Written corrective feedback plays a vital role in second language acquisition. It serves not only to enhance learners’ language proficiency but also to foster their understanding of grammar rules, structures, and the appropriate use of vocabulary. CiteSpace is a robust tool for literature analysis that facilitates researchers in gaining comprehensive insights into the structure and evolutionary trends of academic fields by visualizing literature networks and analyzing citation patterns. The Web of Science core collection database was used as the primary source for data collection. There were 184 effective articles were selected from 2019 to 2023. In recent years, there has been significant progress in research on written corrective feedback, particularly in the development of automated error correction systems and personalized feedback tools that use machine learning and natural language processing techniques. Researchers are also emphasizing the importance of customized correction strategies tailored to individual learner differences.
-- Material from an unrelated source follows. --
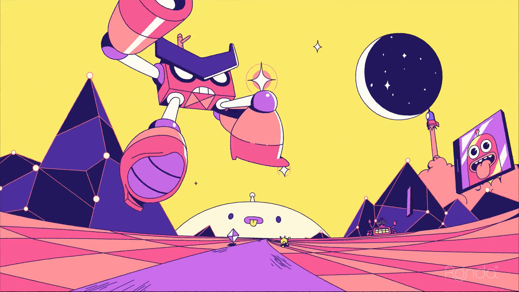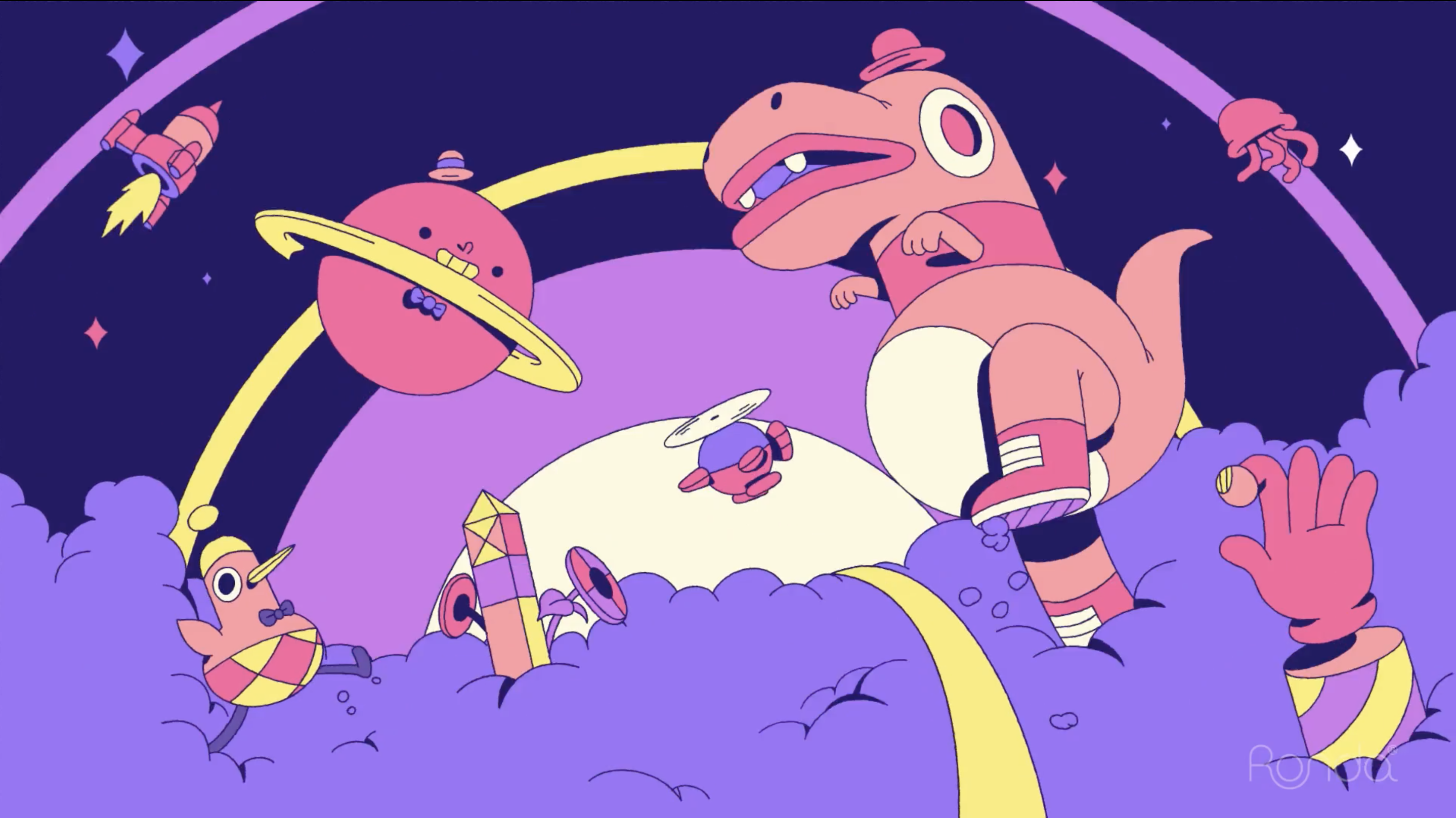 STRABOING is the latest Segment of Boing Channel destined to the biggest kids and the youngest teens. Throughout this crazy journey we'll encounter several elements and characters from the channel. Perplexed by their surreal environment these iconic characters head into a wild adventure full of vibrant colours.

Additionally, the use of big data and corpora to analyze learner writing data provides empirical support for second language writing teaching. In the foreseeable future, the progression of artificial intelligence technology alongside the facilitation of interdisciplinary research is anticipated to deepen these trends, thereby fostering the ongoing innovation and refinement of teaching methodologies and theories pertaining to second language writing.



Author Information
Weihao Shi, Xi'an Yanta No.2 Middle School, China

Paper Information
Conference: ACE2024
Stream: Foreign Languages Education & Applied Linguistics (including ESL/TESL/TEFL)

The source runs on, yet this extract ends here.